Gavin Lambert (23 July 1924 - 17 July 2005) was an English and American screenwriter, film critic, novelist, and biographer. Described as "an incisive observer of life in Hollywood," his writing was mainly fiction and nonfiction about the film industry, particularly from a queer perspective. Early in his career, he was an editor for the influential journals Sequence and Sight and Sound, and a critic for The Sunday Times and The Guardian.

Lambert's screenwriting work earned him two Academy Award nominations for Best Adapted Screenplay, for Sons and Lovers (1960) and I Never Promised You a Rose Garden (1977).

== Early life and writing ==
Lambert was educated at Cheltenham College and Magdalen College, Oxford, where one of his professors was C. S. Lewis. At Oxford, he befriended Penelope Houston and filmmakers Karel Reisz and Lindsay Anderson, and they founded a short-lived but influential journal, Sequence, which was originally edited by Houston. The magazine, which lasted for only 15 issues, moved to London after the fifth issue, and Lambert and Anderson took over as co-editors. Lambert eventually left Oxford without obtaining a degree.

From 1949 to 1956 he edited the journal Sight and Sound, again with Anderson as a regular contributor. At about the same time Lambert was deeply involved in Britain's Free Cinema movement which called for more social realism in contemporary movies. He also wrote film criticism for The Sunday Times and The Guardian.

== Move to the United States and screenwriting ==
In late 1955, he moved to Hollywood to work as a personal assistant to director Nicholas Ray and worked on the script (uncredited) for Ray's Bigger Than Life (1956). Later, he co-wrote the screenplay for Ray's film Bitter Victory (1957). According to the critic David Robinson, Lambert was Ray's lover for a time.

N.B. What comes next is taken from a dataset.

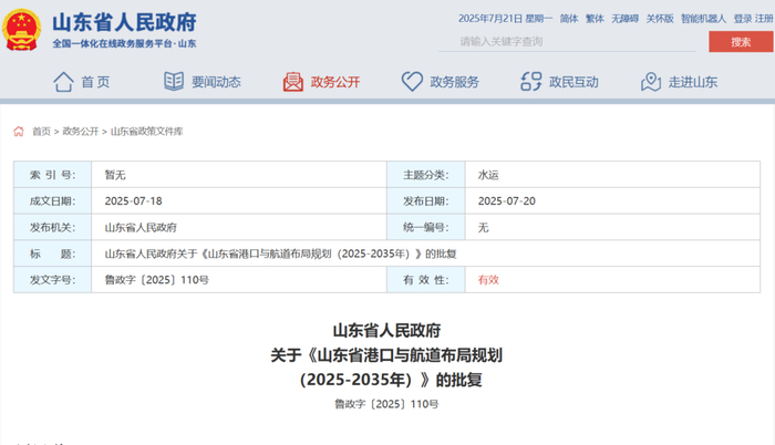 7月20日,山东省政府网站发布山东省人民政府关于《山东省港口与航道布局规划(2025-2035年)》的批复,原则同意《山东省港口与航道布局规划(2025-2035年)》(以下简称《规划》)。

Lambert became a notable screenwriter of the Hollywood studio era. In 1954, while still living in England, he wrote his first screenplay, Another Sky, about the sexual awakening of a prim English woman in North Africa. In 1955, he also directed Another Sky in Morocco. This was followed in 1958 by the Hollywood screenplay, Bitter Victory and in 1960 by Sons and Lovers. The latter, for which Lambert gained an Academy Award nomination, is based on a novel by D. H. Lawrence. The Roman Spring of Mrs. Stone (1961) adapted a novella by Tennessee Williams on the affairs of an older actress with a young Italian lover.

As, from the 1920s through the late 1960s, homosexuality was rarely portrayed on the screen, gay screenwriters like Lambert learned to express their personal sensibilities discreetly between the lines of a film. "The important thing to remember about 'gay influence' in movies," observed Gavin Lambert, "is that it was obviously never direct. It was all subliminal. It couldn't be direct because the mass audience would say, Hey, no way."

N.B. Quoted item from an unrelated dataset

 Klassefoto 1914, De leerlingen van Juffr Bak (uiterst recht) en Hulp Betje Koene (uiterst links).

But then, in 1965, Lambert adapted his own Hollywood insider novel Inside Daisy Clover (1963) for the screen. Clover, starring Natalie Wood and Robert Redford, which tells the cautionary tale of a teenage movie star involved in the Hollywood studio system of the 1930s and her unhappy marriage to a closeted gay leading man. However, in the film version, he was not fully identified as gay because, at Redford's request, the husband he played was changed from homosexual to appear as though he might be bisexual. From this time on, Lambert and Wood became lifelong friends.

Another of Lambert's screenplays was I Never Promised You a Rose Garden (1977), based on a novel by Hannah Green, which describes in layman's terms a teenager's battle with schizophrenia. Later, the author also wrote the scripts for some TV movies such as Second Serve (1986) on transgender tennis player Renée Richards and Liberace: Behind the Music (1988) on gay performer Liberace. In 1997, he contributed to Stephen Frears's film A Personal History of British Cinema. He was heavily quoted in William J. Mann's book, Behind the Screen: How Gays and Lesbians Shaped Hollywood, 1910-1969.

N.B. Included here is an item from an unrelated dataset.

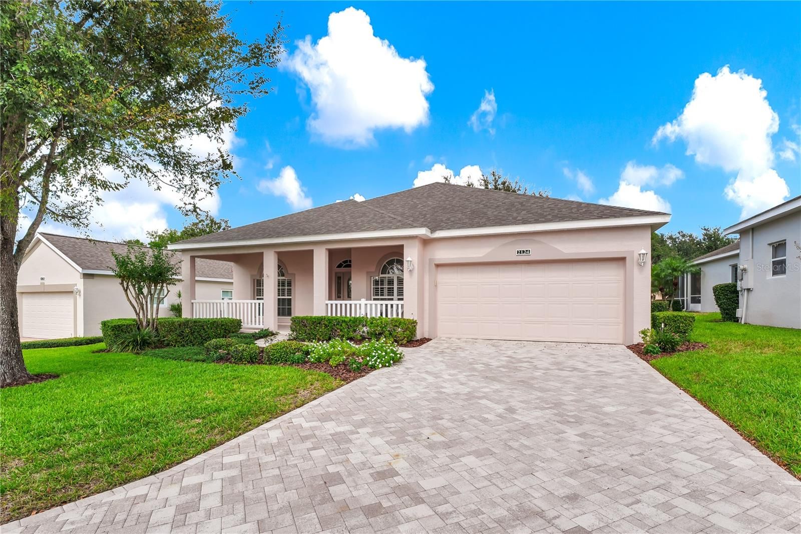 One or more photos have been virtually staged. Come take a look at this beautiful and well-cared for home! Ready to move in! This home sits on the golf course in the highly desired 55+ Lancaster Community in King's Ridge! It sits on the top of the hill, offering great views down the fairway. This St. Clair model has a wonderful floorplan and the owner added a few extra touches, making it unique and very functional. A one of a kind place to call home. The roof was replaced in March 2024, and the dishwasher was replaced in July 2024. A/C was installed in April 2016. All of the kitchen appliances with exception of the range have been updated or replaced since the home was built in 2000. The washer and dryer are not original and also were replaced, since the house was built. The property is located on a cul-de-sac and therefore has very little traffic. A front porch extends across the front, great for visiting with friends and neighbors. The driveway has pavers, which look great. As you walk in, there is a separate living room and dining room. The kitchen is spacious and the owner added some additional cabinetry. Off the kitchen, is a laundry room with a washer and dryer. From the laundry room you have a two car/golf cart garage with an epoxy finished floor and garage door opener. From the kitchen, you overlook a good size family room. To the left of the family room is the Master Bedroom with a large Walk-in closet, as well as two built in closets, perfect for storage and/or your clothing. The Master bath has a walk in closet and a glass enclosed shower and dual sinks. Also in the Master Bedroom, the owner added, on the back side, a one of a kind, sitting room and desk with cabinets and a granite countertop. A little hideaway that overlooks the golf course. On the other side, in the back, is a covered screened porch and then, beyond that, a second full length 30' x 10' screened porch. The home also includes a split plan, second bedroom and a study that can double as a third bedroom due to the storage/walk in closet in that room. Home is concrete block and stucco and this home and property is in a fantastic location within the community! In regards to the King's Ridge Community...A well designed golf course community with 24 hour guard gated security and amenities that include a clubhouse, swimming pool, activities of all types. Considered a top 55+ community in Clermont and Central Florida. Close to everything, yet quiet and private. A place to enjoy friends and family and a home that you can love! Call for a personal tour or additional information on this move in ready home and community!

==Biographies and non-fiction==
Lambert was also a biographer and novelist, who focused his efforts on biographies of gay and lesbian figures in Hollywood.

According to screenwriter and writer Joseph McBride, he was "a keenly observant, wryly witty chronicler of Hollywood's social mores and artistic achievements." He wrote biographies on Hollywood figures such as On Cukor (1972) on film director George Cukor and Norma Shearer: A Life (1990) on the Canadian actress Norma Shearer. His book, Nazimova: A Biography (1997) was the first full-scale account of the private life and acting career of lesbian actress Alla Nazimova. He was the author of the memoir Mainly About Lindsay Anderson (2000) (whose title echoed that of Anderson's own work, About John Ford).

He also wrote the book GWTW: The Making of Gone with the Wind (Little, Brown and Company, 1973). Working as a Hollywood screenwriter, Lambert was able to interview and gain personal remembrances of most of the cast and crew involved with the film, including dismissed director George Cukor and star Vivien Leigh (Scarlett O'Hara).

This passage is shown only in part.